It was impressive how this group of people at the clinic on an informal basis was able to systematically take information and then review it, and decide to stop doing certain studies because they weren't informative. At a certain point, there was a decision made, "Let's not do lymph node biopsies on everybody; we're finding that it doesn't tell us anything. It doesn't help us to treat them unless they're really big or there are other symptoms associated, and we think it might be Mycobacterium avium or something."

It was a fishing expedition of necessity, but it also was clinically based to look at ways of impacting patients coming through the clinic.

[reading] "Developed written material for patients, to describe the work-up that was approved by the Educational Materials Committee." I don't even remember that. Oh, yes. I told Angie [Lewis] that I was writing something, that I was saying the same thing over and over again to each person that came through the clinic, and that I wrote it down to be systematic. She said, "Oh, somebody said you can't do that. It has to be approved by the education committee [UCSF Committee on Educational Policy]," or something like that. Anyway, it was reviewed, and then I handed it out to patients, and then it was fine.

It took us three to four weeks to get a patient seen at KS Clinic and then to get all the tests done in the staging protocol. I know that there were times when I actually would call to get a biopsy result directly from Dick Sagebiel. If someone was really anxious, I was able to twist his arm to read a result before Thursday, "Please, this one time, just look at this one." And he would do that, so that this person could come in on the day of the clinic and get his results. That was a tough call, because there are only so many times you can ask for that.

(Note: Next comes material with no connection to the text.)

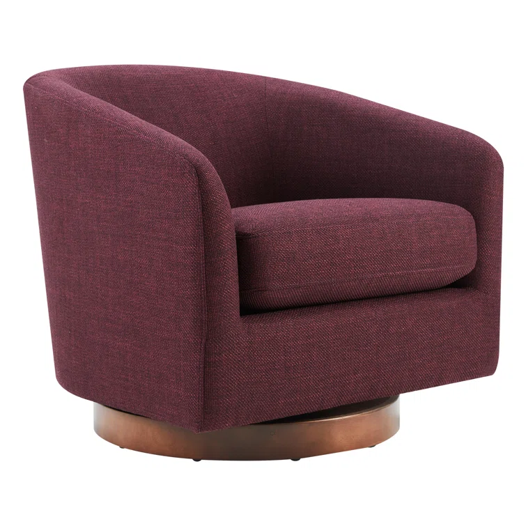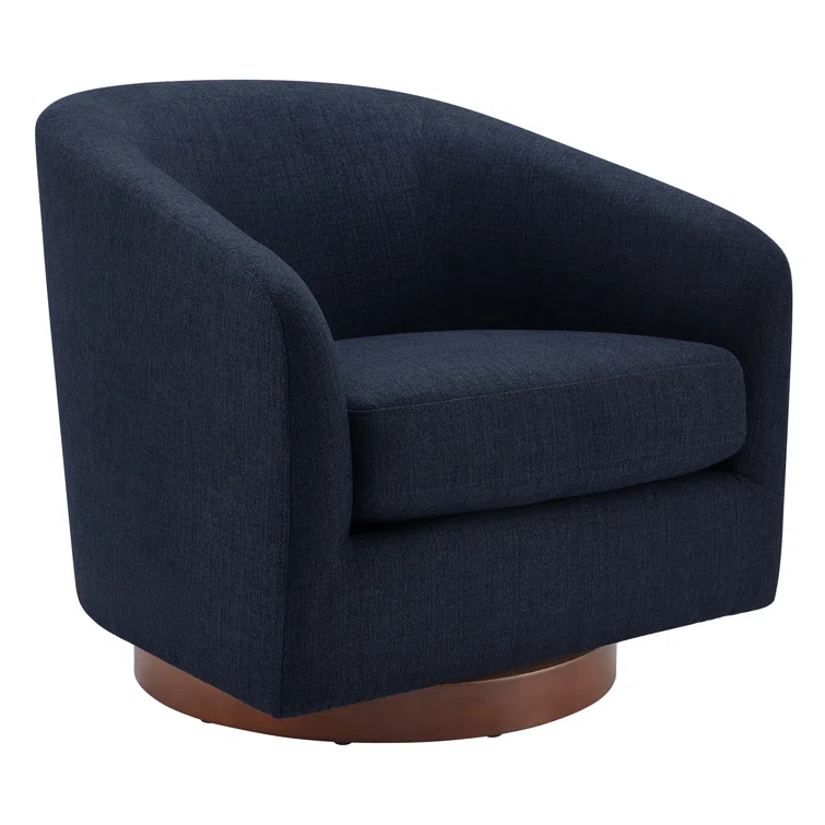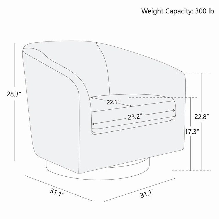 Modern momentum. This barrel chair pairs a curving silhouette with a convenient 360° swiveling function. Crafted from solid and engineered wood, its frame features a tight back that slopes into the arms for a contoured feel. We love that the web suspension is layered in high-density foam for comfort and support, all wrapped in tear-resistant upholstery available in a wide range of hues and fabrics. Bonus: The seat cushion has a removable cover with a zipper closure for easy cleaning. It has a weight capacity of 300 lbs.

I say here in these notes, the members of the KS Study Group contributed to community and professional education. All of us were out there doing lots of talking, both to

---

other care providers in doing in-services, doing rounds, whatever, but also going to speak to various groups in the gay community that really wanted to know what was going on. The clinic was seen as a place people could come to ask questions. I got a lot of calls that were just informational questions in the first year, year and a half, before the AIDS foundation developed a hotline.

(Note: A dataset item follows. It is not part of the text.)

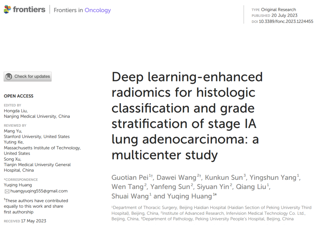 近日,啟明創(chuàng)投投資企業(yè)推想醫(yī)療與北京市海淀醫(yī)院胸外科開展聯(lián)合課題,在北京大學(xué)人民醫(yī)院(胸外科、病理科和放射科)的大力協(xié)助下,相關(guān)成果得到同行專家的高度認(rèn)可,論文被收錄于Frontiers in Oncology期刊。

There was a lot of research that went on. Eventually, tissue was mailed away to other people for research purposes, and sometimes to people with strange theories who did very esoteric things. But the theory was intriguing, so somebody would like the idea and think it was plausible, so they'd come to me and say, "Could you arrange for five samples of normal tissue and abnormal tissue to be sent to this person's lab?" That sort of thing would happen.

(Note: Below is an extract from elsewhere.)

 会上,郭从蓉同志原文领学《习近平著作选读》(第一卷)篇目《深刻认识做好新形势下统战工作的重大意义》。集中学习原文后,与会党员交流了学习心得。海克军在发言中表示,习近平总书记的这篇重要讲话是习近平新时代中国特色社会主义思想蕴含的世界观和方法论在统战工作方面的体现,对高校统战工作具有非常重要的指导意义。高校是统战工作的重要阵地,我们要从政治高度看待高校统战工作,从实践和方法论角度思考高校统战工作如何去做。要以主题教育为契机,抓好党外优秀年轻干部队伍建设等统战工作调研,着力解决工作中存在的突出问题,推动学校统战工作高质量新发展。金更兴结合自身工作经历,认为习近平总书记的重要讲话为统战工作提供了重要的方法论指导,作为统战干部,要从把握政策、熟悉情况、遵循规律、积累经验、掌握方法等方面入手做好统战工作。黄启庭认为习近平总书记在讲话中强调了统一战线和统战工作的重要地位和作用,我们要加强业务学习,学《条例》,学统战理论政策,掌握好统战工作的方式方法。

We had two protocols going. The contact study was a prospective study of the lovers of people who were being seen in the clinic. But also, there was some blood work for--I can't remember what study it was, but they wanted serum from normal healthy gay men. We made the attempt to have that happen through the 17th Street clinic. A man named Ian Goller approached me and offered to do volunteer work in the clinic. He was a from Australia. He recently died of AIDS back in Australia. But he was very active while he was here, and then he went back to Australia and remained very active in making sure that services were available to people with AIDS.

Ian approached me in the first year and said, "I want to help. What can I do? I want to volunteer in the clinic." I wasn't supposed to have lay volunteers in the clinic. They were supposed to come through the volunteer office up at UC. But he actually worked with developing the protocol for obtaining these blood samples from the people that were the "worried well" at the city clinic.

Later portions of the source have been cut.